The Pros and Cons of Debt Consolidation Getting a debt consolidation loan creates an interesting picture. It is no secret that many people have benefited from these types of loans; however, it is also true that there are a number of people who did not benefit and hurt their debt position. The challenge is trying to figure out if this type of loan will work for you. Here, we take a look at the pros and cons so you can decide for yourself:

Pros

1. Consolidate all your debts into one monthly payment.

This is advantageous because it helps make it much easier to keep track of one payment rather than several different ones. Also, the once-a-month due date makes it easier for planning purposes to help raise money to be sent before that due date rather than having to meet several different due dates in a month.

2. Deal with only one creditor.

As in point n. # 1, reducing your bill to one creditor makes it easier for you to deal with them. Many times, taking out a debt consolidation loan will help reduce collection phone calls and other collection tactics as you try to settle with the single creditor.

3. Get potentially lower interest rates or a lower monthly payment.

Perhaps the most significant advantage of obtaining a debt consolidation loan is that you can get a lower monthly payment and sometimes lower interest rates as well. This can make it much easier to continually make payments month after month and give you the opportunity to save extra money each month.

4. Save more money that can be used for investments or immediate emergencies.

Many smart people have been able to use the extra savings each month with the lowest interest payment and have put it to use in small investments in their home or other businesses to help make more money. This money can be used to help pay off or pay off the debt, creating an opportunity to pay off the loan earlier.

5. Students on the fast track can benefit from consolidation loans.

Young adults who are likely to increase their income significantly in a few years can benefit by paying less when they are short on cash and then repaying the loan more easily when they have reached much higher salary ranges.
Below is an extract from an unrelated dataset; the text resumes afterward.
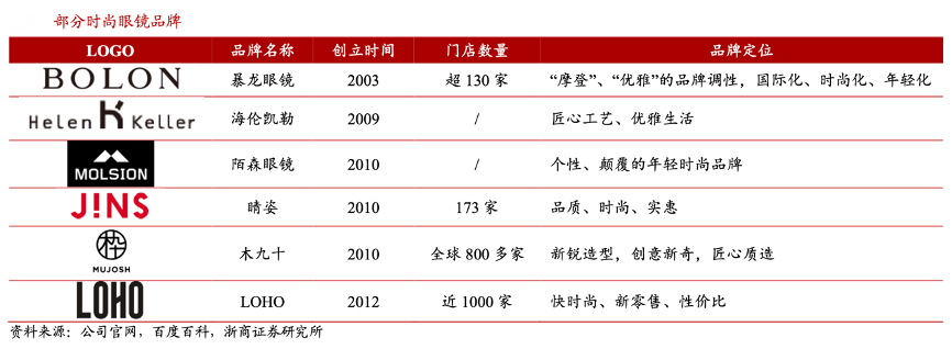 經典案例:根據公司官網、百度百科、浙商證券研究所等綜合資訊表明,眼鏡兼具裝飾屬性,時尚品牌紛紛入局。目前定位于時尚的眼鏡品牌較多,既有強調“品質”、“優雅”的高端時尚品牌暴龍眼鏡、海倫凱勒等,也有迎合年輕人個性潮流品味的快時尚品牌木九十、LOHO 等。時尚品牌的定位更加呈現多元化與差異化求。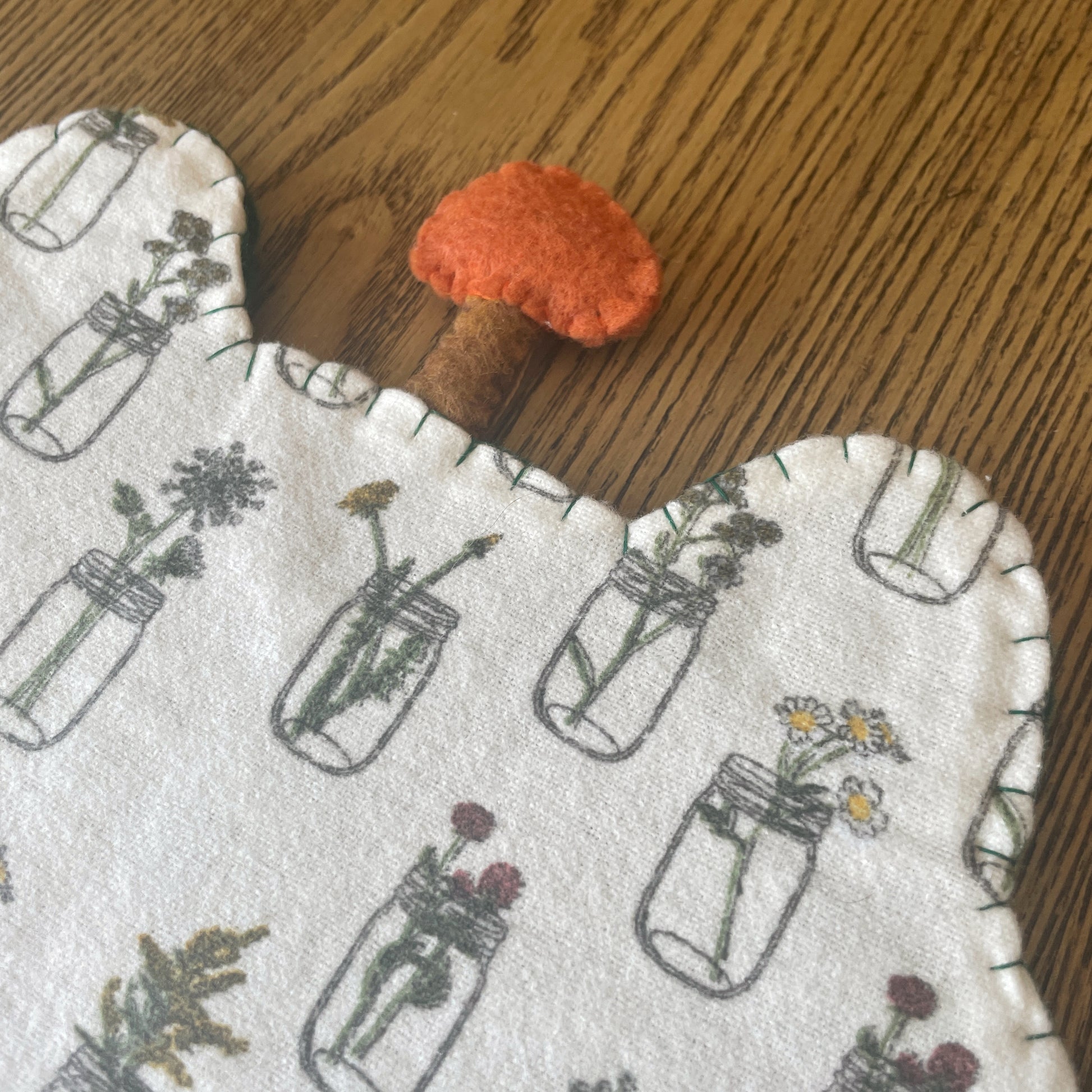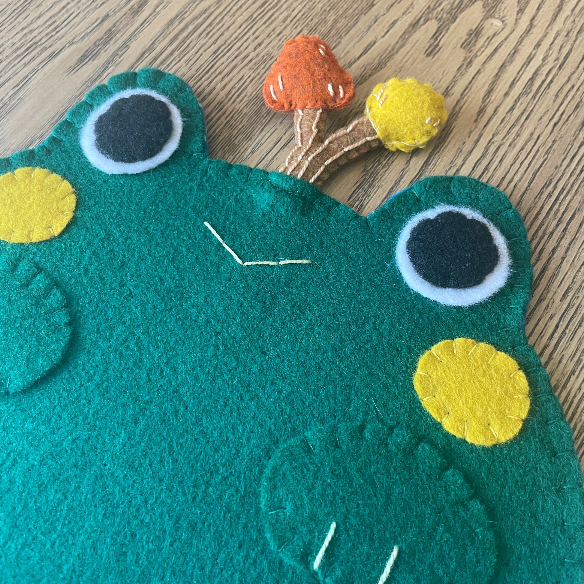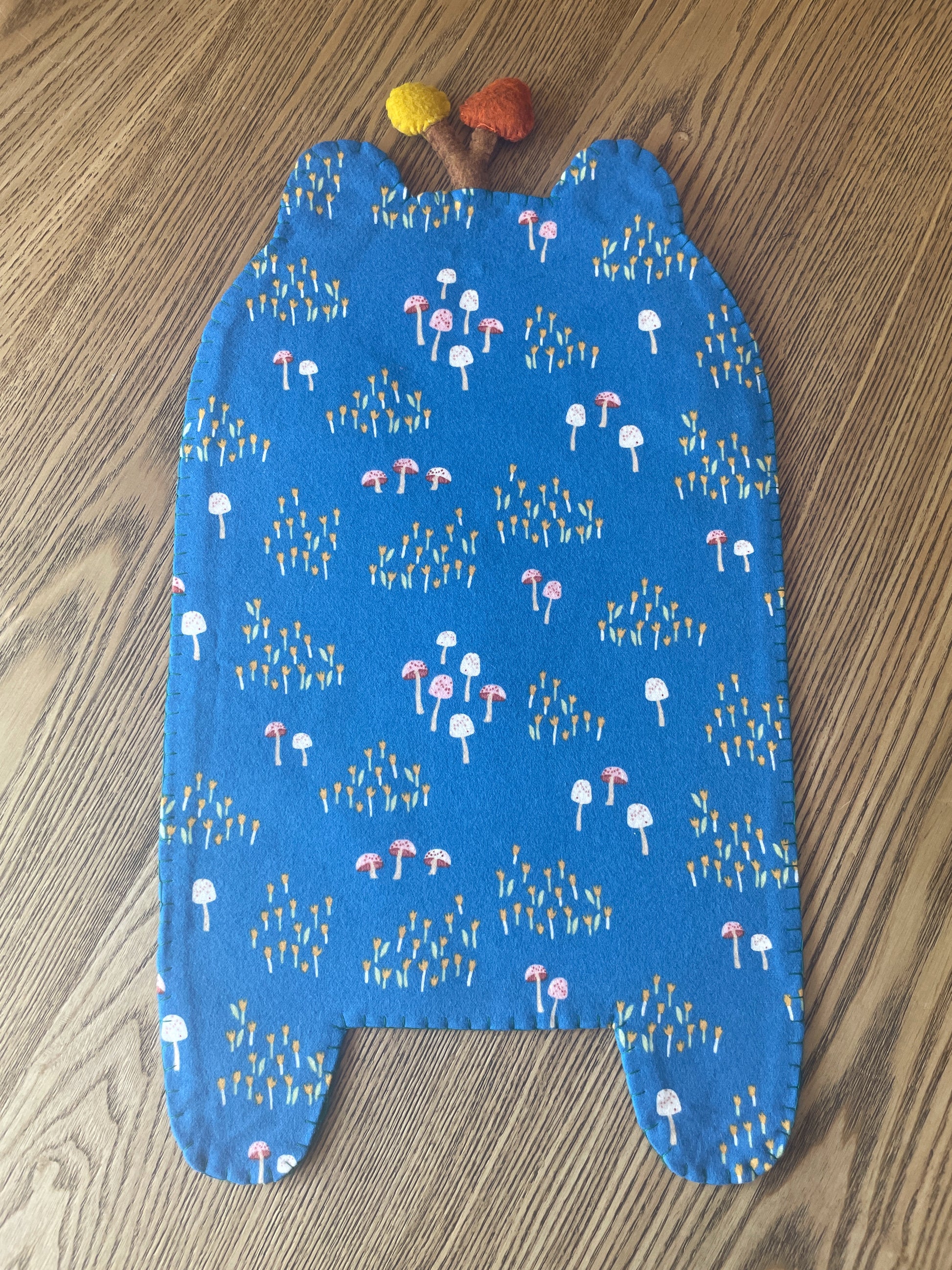 - The bodies are made from Kunin Eco-fi Plus Premium Felt. This felt is 100% polyester and made from recycled post consumer plastic bottles. It is thick and sturdy, making it perfect for supporting your pin collection! The face details and mushrooms are a mix of Kunin felt and various thinner wool felt. The mushrooms are stuffed with a basic fiber fill with hand embroidered details.

This can be very useful for those who run up a lot of debt to help pay for law school or medical school, for example.

Cons

1. Potentially increase the duration of the loan payment.

In many cases, the lowest interest rate or the lowest monthly payment is possible by extending the life of the loan on the backend. This can be frustrating for many people who are faced with the prospect of not being able to pay their debt early.

2. Increase your chances of paying more interest over the life of the loan.

Like n. 1, as the life of the loan is extended, the actual amount of interest that could end up being paid can increase significantly. This should be something to consider when considering how that extra money could be used for other things like college, medical expenses, or other needs.

3. Consolidation does not solve bad credit habits.

Many people mistakenly believe that debt consolidation provides a panacea for their credit card debt problems. However, all it really does is provide a way in which you can pay off debt more effectively. If people choose to keep making poor credit card payment decisions, they can sink deeper and deeper into more credit card debt. In cases where this gets out of hand, collateral like a home or car can even be taken in the event of a default on secured debt consolidation loans.

As you can see the pros and cons of debt consolidation It will vary in its importance and value to each person. For this reason, it is a good idea to review each of these and try to rate each one as to its importance to your situation. After doing so, you should have a pretty good idea of ​​whether this type of loan is right for you.